Grumach et al. (2005) reported a large consanguineous Brazilian family in which 3 individuals had complete factor I deficiency and 16 individuals had partial factor I deficiency. Those with complete deficiency had recurrent respiratory infections, skin infections, and meningitis; 1 died from sepsis. All had low serum C3, low factor H, and undetectable factor I activity. Among those with partial factor I deficiency, 10 presented with recurrent infections such as tonsillitis, pneumonia, urinary tract infections, otitis, and meningitis. One each presented with chronic arthritis and rheumatic fever, suggesting autoimmune involvement. Only 2 individuals with partial deficiency did not have recurrent infections. The authors noted that factor I deficiency partially impairs the clearance of immune complexes by phagocytes, increasing the risk for the development of immune complex-mediated diseases. Grumach et al. (2005) concluded that individuals with partial factor I deficiency are also at increased risk for infection and autoimmune disorders and recommended prophylactic treatment with vaccination against encapsulated bacteria and antibiotics.
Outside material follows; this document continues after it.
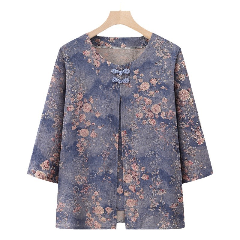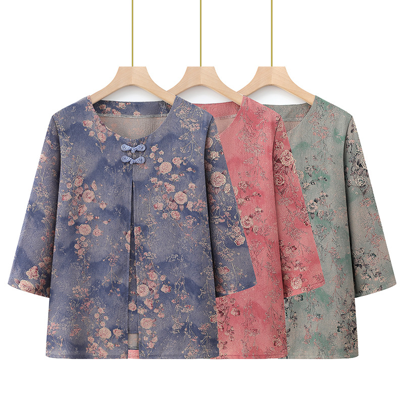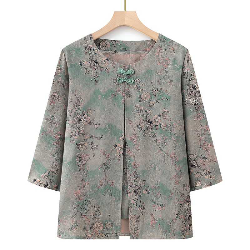 | nameOriginal | Summer Seven-Sleeve Chiffon Shirt Women's Top Mother-in-Law Retro Buckle Printed Fake Two-Piece Round Neck Pullover |
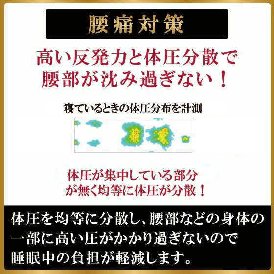 硬さを強化したたまご型の山はつぶれにくいため、腰部をしっかりサポートしながら、適度な通気性で快適な睡眠へと導きます。

Servais et al. (2007) described a unique form of glomerulonephritis characterized by isolated mesangial C3 deposits without dense intramembranous deposits or mesangial proliferation, which the authors termed 'glomerulonephritis C3.' Heterozygous mutations in complement regulatory genes were identified in 4 of 6 unrelated patients with glomerulonephritis C3, including 2 patients each with mutations in the CFH (see, e.g., 134370.0017) and CFI (see, e.g., 217030.0007) genes, respectively. The findings indicated that dysregulation of the complement alternative pathway is associated with a wide spectrum of diseases ranging from HUS atypical hemolytic-uremic syndrome (aHUS; 235400) to glomerulonephritis with C3 deposits.
Molecular GeneticsIn 2 sibs with complement factor I deficiency reported by Vyse et al. (1994), Vyse et al. (1996) identified a homozygous mutation in the CFI gene (217030.0001). Vyse et al. (1996) also determined that the patient originally reported by Thompson and Lachmann (1977) was compound heterozygous for 2 mutations in the CFI gene (217030.0001; 217030.0002).
In 2 Brazilian sisters with complement factor I deficiency, Baracho et al. (2003) identified a homozygous mutation in the CFI gene (217030.0003).